▶ **The problem**:
Although the data below holds other lines too, output only those from the line with "बीकानेर राजपरिवार की" up to and including the line with "These KanCan jean", exactly as they appear.

▶ **Materials provided**:
____
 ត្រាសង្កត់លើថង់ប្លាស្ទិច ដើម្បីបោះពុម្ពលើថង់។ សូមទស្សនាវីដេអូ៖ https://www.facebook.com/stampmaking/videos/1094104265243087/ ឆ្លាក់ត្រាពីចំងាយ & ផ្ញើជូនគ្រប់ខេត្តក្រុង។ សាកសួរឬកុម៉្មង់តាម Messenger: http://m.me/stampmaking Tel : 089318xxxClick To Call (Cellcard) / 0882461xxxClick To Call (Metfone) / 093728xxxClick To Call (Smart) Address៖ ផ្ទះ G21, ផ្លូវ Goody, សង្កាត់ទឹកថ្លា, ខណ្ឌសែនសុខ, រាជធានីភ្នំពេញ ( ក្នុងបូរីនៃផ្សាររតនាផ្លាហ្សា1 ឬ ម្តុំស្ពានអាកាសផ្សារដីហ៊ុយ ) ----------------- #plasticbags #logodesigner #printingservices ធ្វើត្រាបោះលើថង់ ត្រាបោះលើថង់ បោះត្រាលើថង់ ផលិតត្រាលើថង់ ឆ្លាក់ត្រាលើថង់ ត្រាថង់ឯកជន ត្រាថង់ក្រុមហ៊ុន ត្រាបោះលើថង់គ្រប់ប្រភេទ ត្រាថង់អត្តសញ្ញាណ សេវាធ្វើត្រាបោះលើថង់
____
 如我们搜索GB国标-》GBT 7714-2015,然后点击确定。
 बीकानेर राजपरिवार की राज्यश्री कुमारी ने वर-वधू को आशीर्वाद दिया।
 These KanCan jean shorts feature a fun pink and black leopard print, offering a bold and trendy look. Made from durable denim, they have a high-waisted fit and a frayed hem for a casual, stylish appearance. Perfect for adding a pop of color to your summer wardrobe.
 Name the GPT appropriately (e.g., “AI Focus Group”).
____
▶ **Result**:
 बीकानेर राजपरिवार की राज्यश्री कुमारी ने वर-वधू को आशीर्वाद दिया।
 These KanCan jean shorts feature a fun pink and black leopard print, offering a bold and trendy look. Made from durable denim, they have a high-waisted fit and a frayed hem for a casual, stylish appearance. Perfect for adding a pop of color to your summer wardrobe.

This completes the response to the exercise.